Undo will also be possible between runs of the program, and even amongst multiple running concurrent instances!

Implementation plan

The initial implementation will create a new database.py file. The existing phonebook code will point to this new module. Code in database.py will continue to use the existing routines that read and write index.idx as well as to the sqlite database. The data will be compared between the two to ensure it is working correctly. Once we are certain the code talking to sqlite is correct, then the code using index.idx will be switched off.

The process will then be repeated for the other data types (calendar, wallpaper and ringtones).

New data sources (SMS, call history, voice and text memos) will just use the sqlite database exclusively.

Undecided issue - lists of dicts

Almost every field in a phonebook entry is a list of dicts. This can be stored as a single value (the string representation), or a new table can be created, and redirect to that. Both approaches are shown below for the phone numbers column with most other columns omitted for the purpose of clarification.

Stringized

primary key
(integer)
Name Phone numbers
0 John Smith [{'number': '1234567890', 'type': 'home'}, {'number': '233423423', 'type': 'work'}]

Indirect table

primary key
(integer)
Name Phone numbers
0 John Smith __numbertable:0,2

_numbertable is:

primary key
(integer)
number type
0 1234567890 home
1 76547657 cell
2 233423423 work

I am leaning towards implementig both schemes in database.py since they are not mutually exclusive and then see how it goes. My instinct is inclined towards the indirect table since it will save space, and allows faster searches down the road.

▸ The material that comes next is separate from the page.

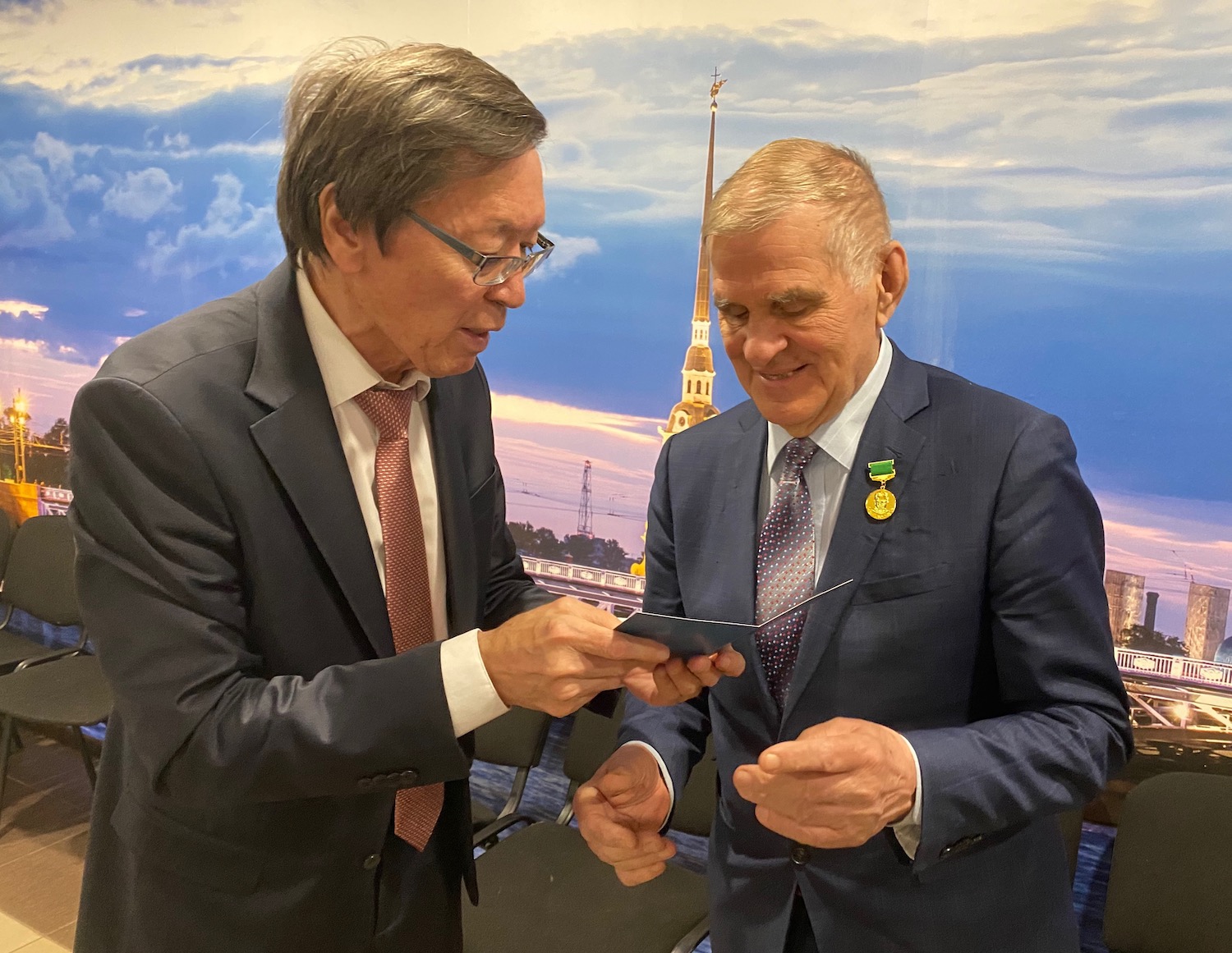 Столь высокой наградой профессионального профессорско-преподавательского сообщества Казахстана Алексей Васильевич награждён за выдающиеся заслуги в сфере высшего и послевузовского образования, за значительный вклад в его развитие. Профессор К.С. Мауленов также передал Президенту ПАНИ самые добрые пожелания от казахстанких коллег.

Undecided issue - bitmaps and wallpapers

sqlite does allow storing blobs (binary large objects) in the database itself, so we could store the actual files directly in the database. The other alternative is store the files on disk with non-descript names (eg 0000001.jpg) and then point to the file from the relevant records.

My instinct is for the latter approach for wallpaper and ringtones since it will keep the database smaller. For other file like items such as text memos and SMS messages, I would be inclined to keep them directly in the database.